▸ Given data
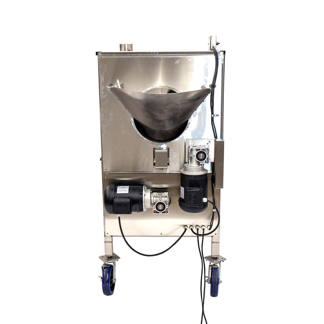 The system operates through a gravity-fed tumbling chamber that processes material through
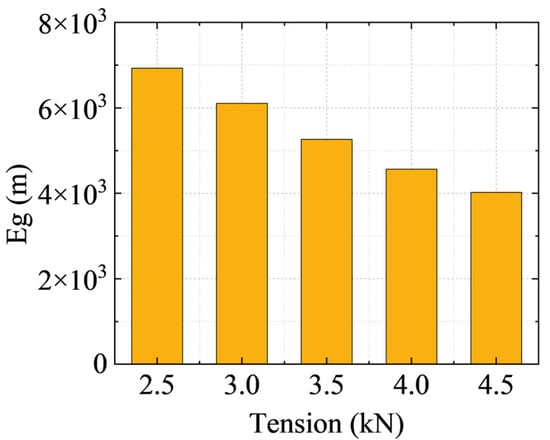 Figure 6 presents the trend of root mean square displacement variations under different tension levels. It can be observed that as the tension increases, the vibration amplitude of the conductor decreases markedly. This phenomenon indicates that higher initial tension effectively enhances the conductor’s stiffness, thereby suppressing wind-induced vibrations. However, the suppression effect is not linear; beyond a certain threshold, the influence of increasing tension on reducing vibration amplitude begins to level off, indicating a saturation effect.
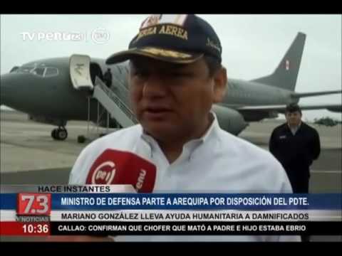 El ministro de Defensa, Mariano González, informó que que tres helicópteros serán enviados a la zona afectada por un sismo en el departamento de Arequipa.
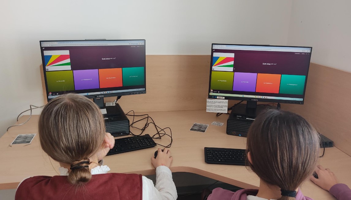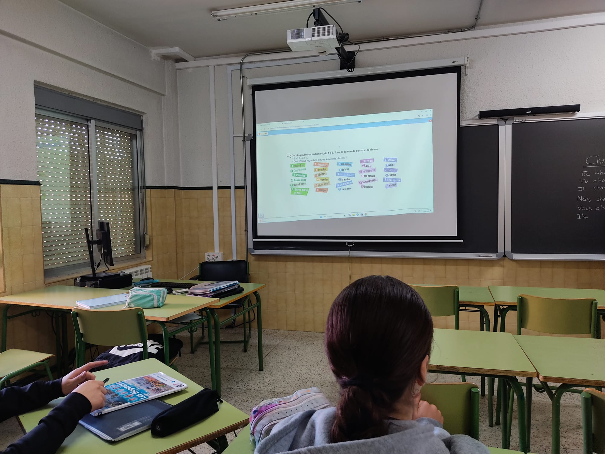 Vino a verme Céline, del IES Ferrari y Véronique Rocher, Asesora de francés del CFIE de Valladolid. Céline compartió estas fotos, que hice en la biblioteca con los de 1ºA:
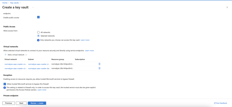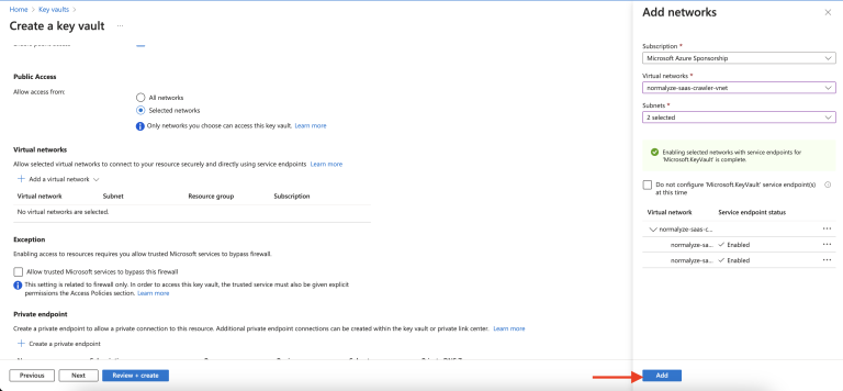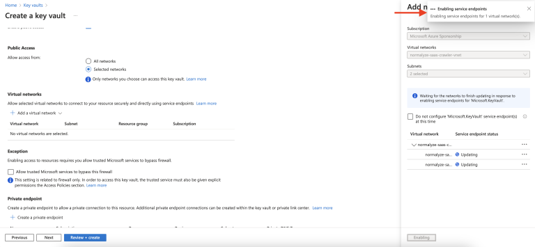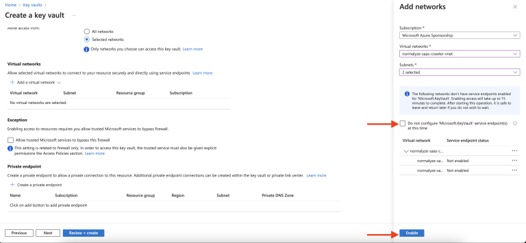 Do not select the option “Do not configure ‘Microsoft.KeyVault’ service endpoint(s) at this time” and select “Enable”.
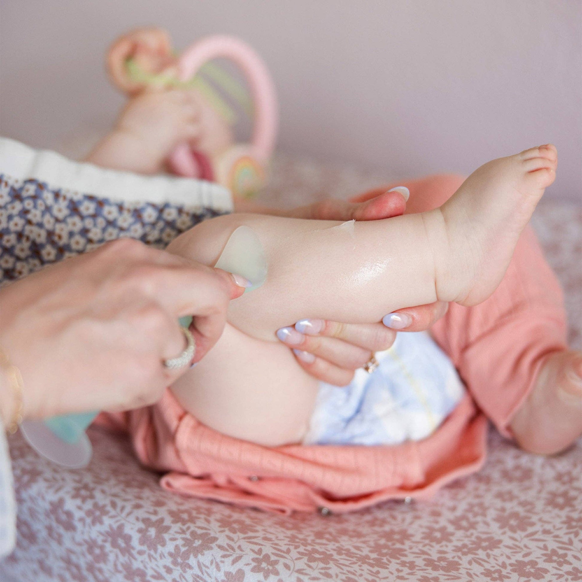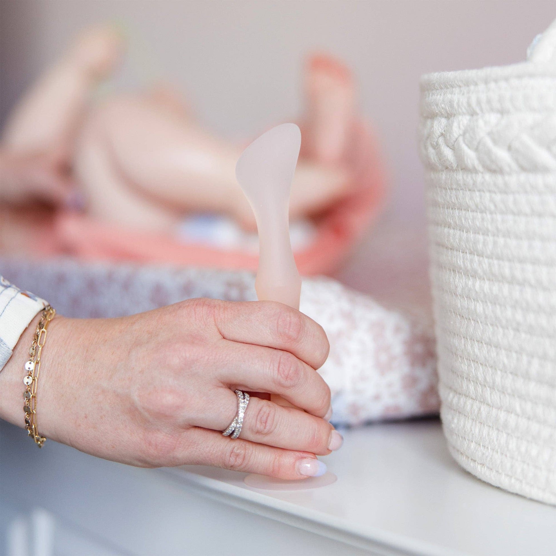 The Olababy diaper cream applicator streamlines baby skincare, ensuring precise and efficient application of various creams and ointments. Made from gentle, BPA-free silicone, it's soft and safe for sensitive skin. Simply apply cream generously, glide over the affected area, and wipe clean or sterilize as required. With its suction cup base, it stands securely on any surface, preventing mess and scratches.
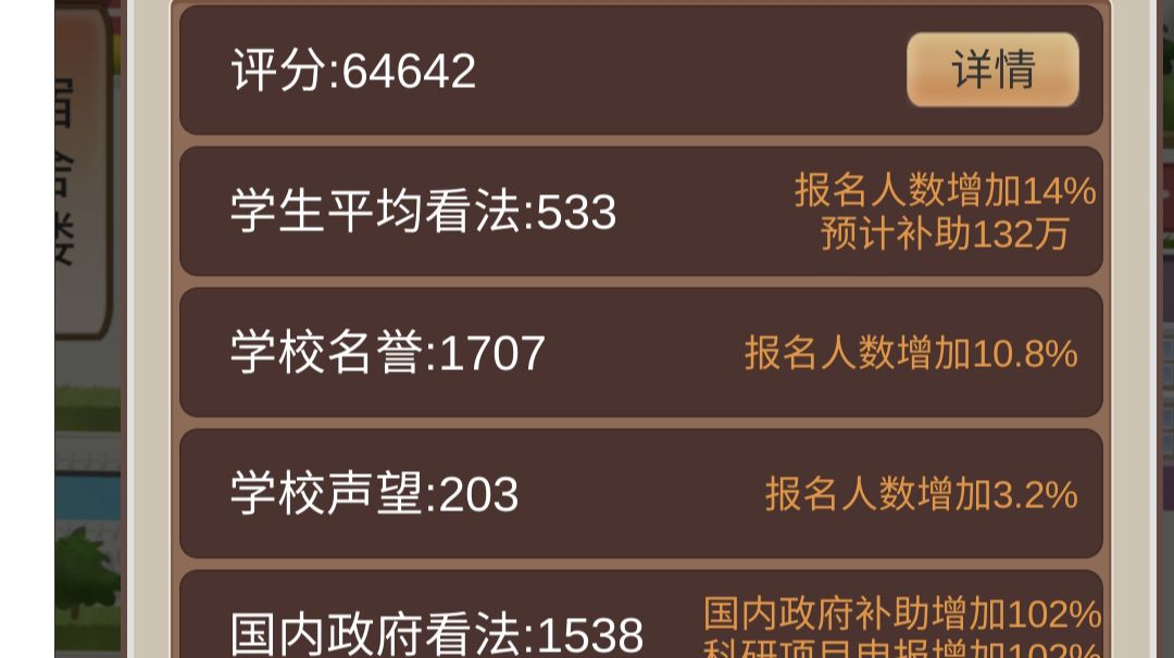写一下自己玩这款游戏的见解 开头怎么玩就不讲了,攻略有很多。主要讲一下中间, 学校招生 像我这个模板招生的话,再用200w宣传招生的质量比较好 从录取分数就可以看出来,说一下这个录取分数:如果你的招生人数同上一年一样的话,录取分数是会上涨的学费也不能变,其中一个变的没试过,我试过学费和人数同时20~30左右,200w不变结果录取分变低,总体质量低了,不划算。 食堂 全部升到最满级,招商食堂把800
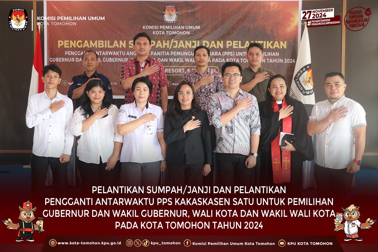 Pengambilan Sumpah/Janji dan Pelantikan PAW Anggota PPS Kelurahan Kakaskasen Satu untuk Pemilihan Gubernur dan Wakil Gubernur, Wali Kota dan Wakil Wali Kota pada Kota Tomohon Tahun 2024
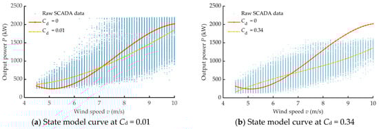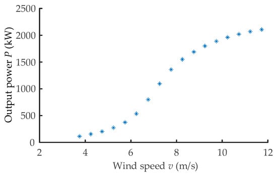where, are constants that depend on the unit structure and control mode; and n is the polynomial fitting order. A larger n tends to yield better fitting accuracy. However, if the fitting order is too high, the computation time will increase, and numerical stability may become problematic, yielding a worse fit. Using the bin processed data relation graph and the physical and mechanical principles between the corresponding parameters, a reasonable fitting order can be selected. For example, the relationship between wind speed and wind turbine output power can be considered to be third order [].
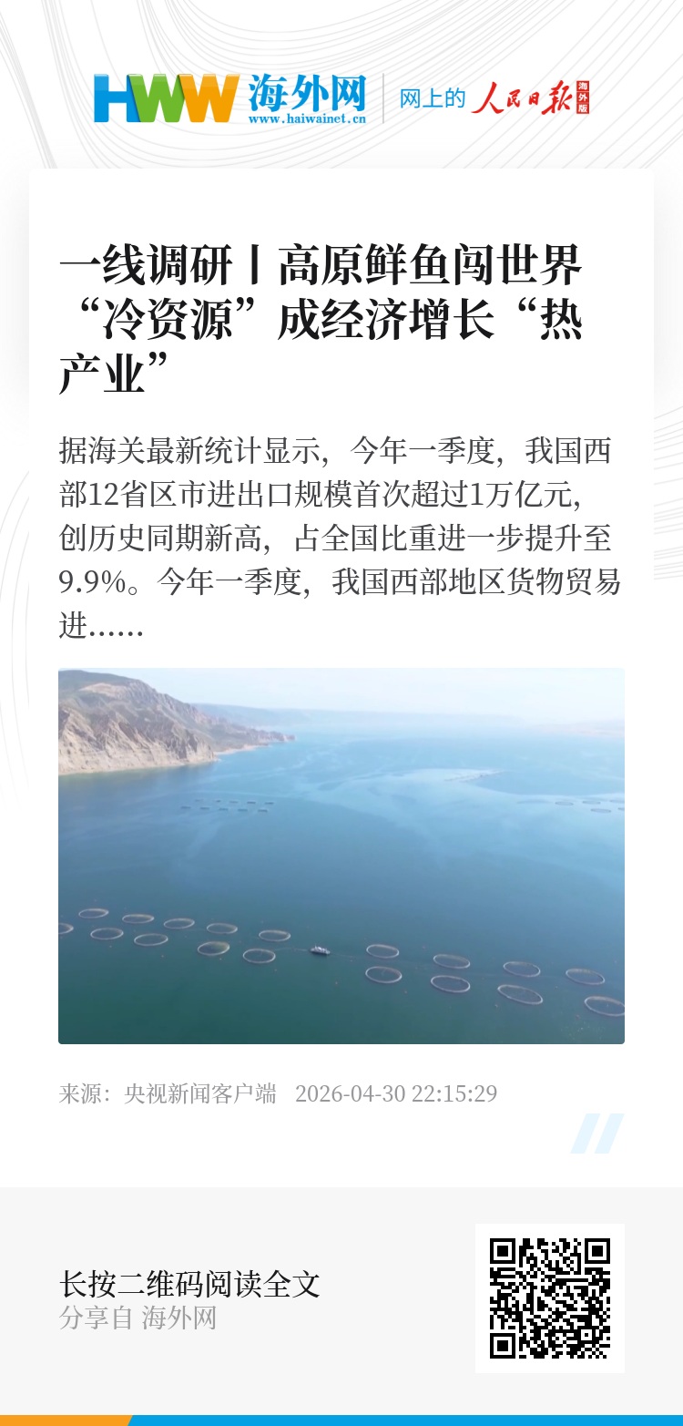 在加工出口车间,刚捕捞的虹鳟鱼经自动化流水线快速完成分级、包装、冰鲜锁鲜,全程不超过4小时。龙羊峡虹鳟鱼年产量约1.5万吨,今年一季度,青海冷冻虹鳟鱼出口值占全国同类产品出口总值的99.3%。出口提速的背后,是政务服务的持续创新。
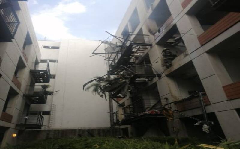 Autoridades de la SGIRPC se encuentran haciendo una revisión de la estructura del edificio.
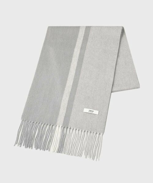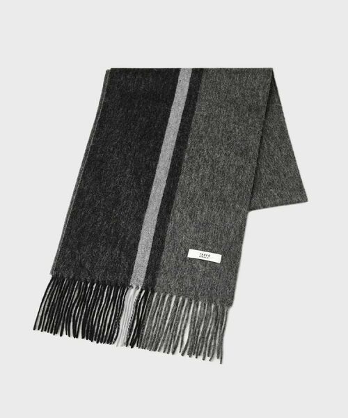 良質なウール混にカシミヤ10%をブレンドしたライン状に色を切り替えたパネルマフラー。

▸ Problem description
Write out word for word the lines of the listing above from the line with "El ministro de" to the line with "Do not select", taking in both of those lines but no pictures.

▸ Answer space
 El ministro de Defensa, Mariano González, informó que que tres helicópteros serán enviados a la zona afectada por un sismo en el departamento de Arequipa.
 Vino a verme Céline, del IES Ferrari y Véronique Rocher, Asesora de francés del CFIE de Valladolid. Céline compartió estas fotos, que hice en la biblioteca con los de 1ºA:
 Do not select the option “Do not configure ‘Microsoft.KeyVault’ service endpoint(s) at this time” and select “Enable”.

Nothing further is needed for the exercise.